The South Australian towns of Tumby Bay on the Eyre Peninsula town is the latest to look at painting its giant white silos in order to draw in grey nomads and other travellers.
However, as more examples of silo art spring up, some are warning they could become victims of their own success.
Dr Jane Andrew, director of the University of South Australia’s Match Studio, told the Advertiser newspaper that there is some danger of silo art and street murals becoming so common that they’re seen as ‘me-too samey’.
She likens the current big-art phenomenon in the country to the giant industry-linked sculptures, such as the Big Banana, the Big Pineapple, and the Big Lobster, most of which were built in the 1960s and ‘70s.
However, she says good art will always be better than a blank wall and the specific art chosen can mean a great deal to a community … and they give struggling towns a sense of identity, and a sense of purpose.

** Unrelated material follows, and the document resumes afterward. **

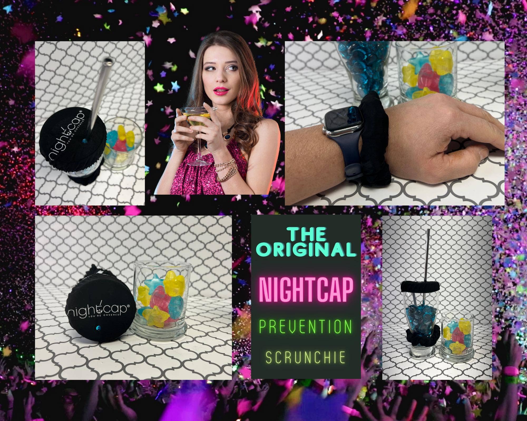 *DISPLAY INCLUDED FREE ON INITIAL ORDER The NightCap Scrunchie is the hottest new self defense product on the market. With over 500,000,000 views on TikTok and featured on ABC's Shark Tank, this self defense drink cover will be the item in your store that everyone is talking about. Protect Yourself- This NightCap Scrunchie is a dually functional scrunchie that can be used to cover over most cups and glasses to prevent pills and powders from being dropped into a drink. How it Works- Simply wear on wrist or in your hair until needed. When ready, pull drink cover out of hidden scrunchie pocket, place over drink, pop in a straw and Enjoy! Reusable and Easy to Clean- this NightCapIt drink cover scrunchie is reusable and machine washable. Throw in the washing machine after use and lay flat to air dry.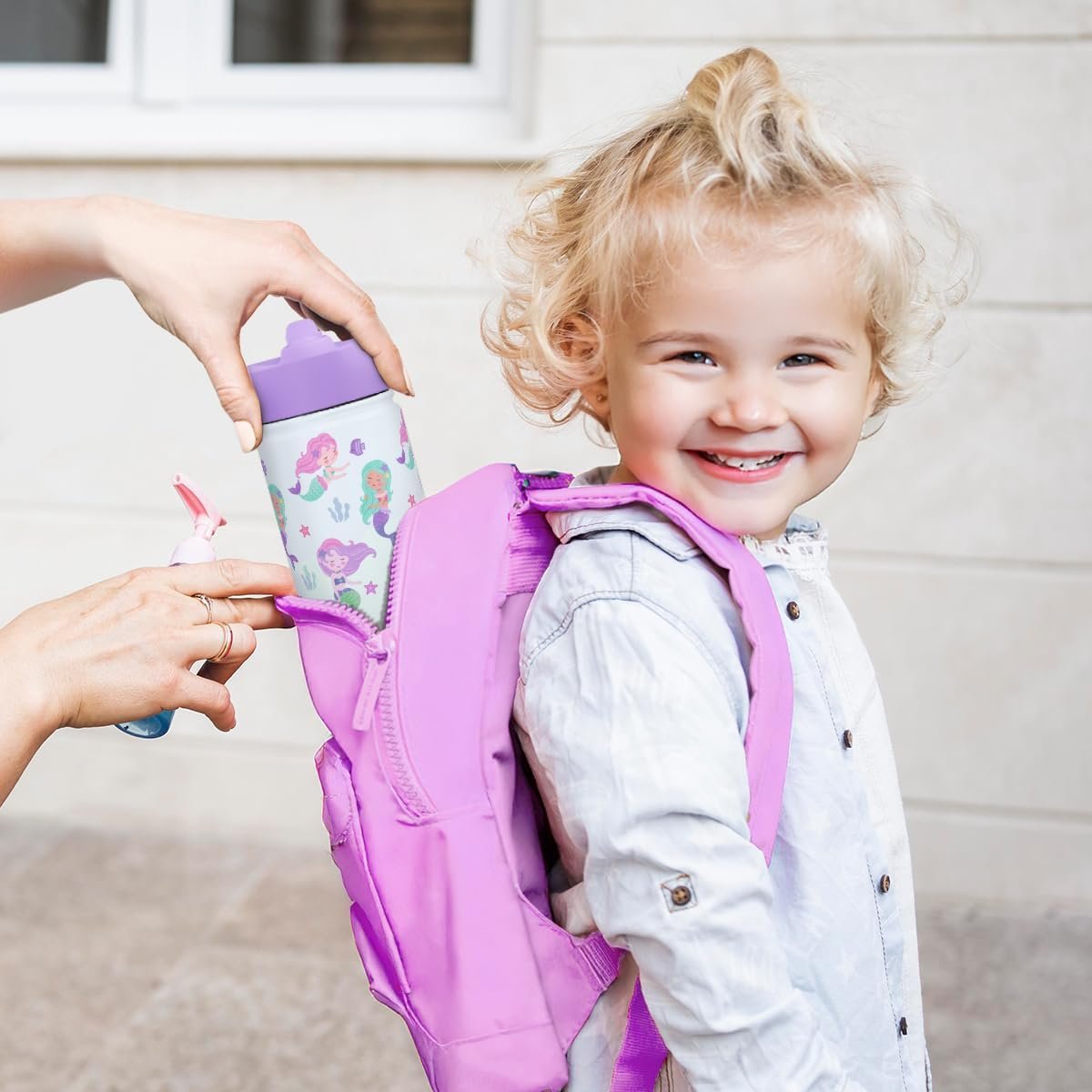 SANDJEST Kid Water Bottle 12oz with Straw Lid – 2-Pack Insulated Stainless Steel Water Bottles for Kids Girls – Travel Cup for School Sports, Rainbow & Mermaid

“The process of going through this, getting organised, applying for grants and working together can be really good for a community,” she said.
The town of Coonalpyn, which unveiled its silo art back in March has certainly seen a wider benefit than simply an upsurge in grey nomad numbers.
The district council’s chief executive, Vincent Cammell, told the Advertiser that the project had “really changed the fabric of the town and brought it together in a way I don’t think has happened in a long time”.
And in Kimba, where the recently unveiled silo art has been exceptionally well received, the next phase of the community project is already under way as it starts to seek funds to install solar-power floodlights to illuminate the silos each night.
Back in Tumby Bay, the Vittera grain-handling company, which owns the town’s silos has made them available free of charge, but $85,000 still needs to be raised to get them painted and a planned arts festival up and running.
And then there’s the challenge of adding something different to the silo art mix. The painted silos around Australia so far largely feature rural scenes and children, but Tumby Bay will be keen to go for something very different to keep the idea fresh.
And, that challenge in itself, will be enough to generate discussion and community involvement.
“People have got to start looking at what’s best for the long-term future of their town,” said farmer Dion LeBrun, one of the people driving the Colour Tumby project. “A town that’s stagnant and stuck in the past is not going to be a vibrant town for long.”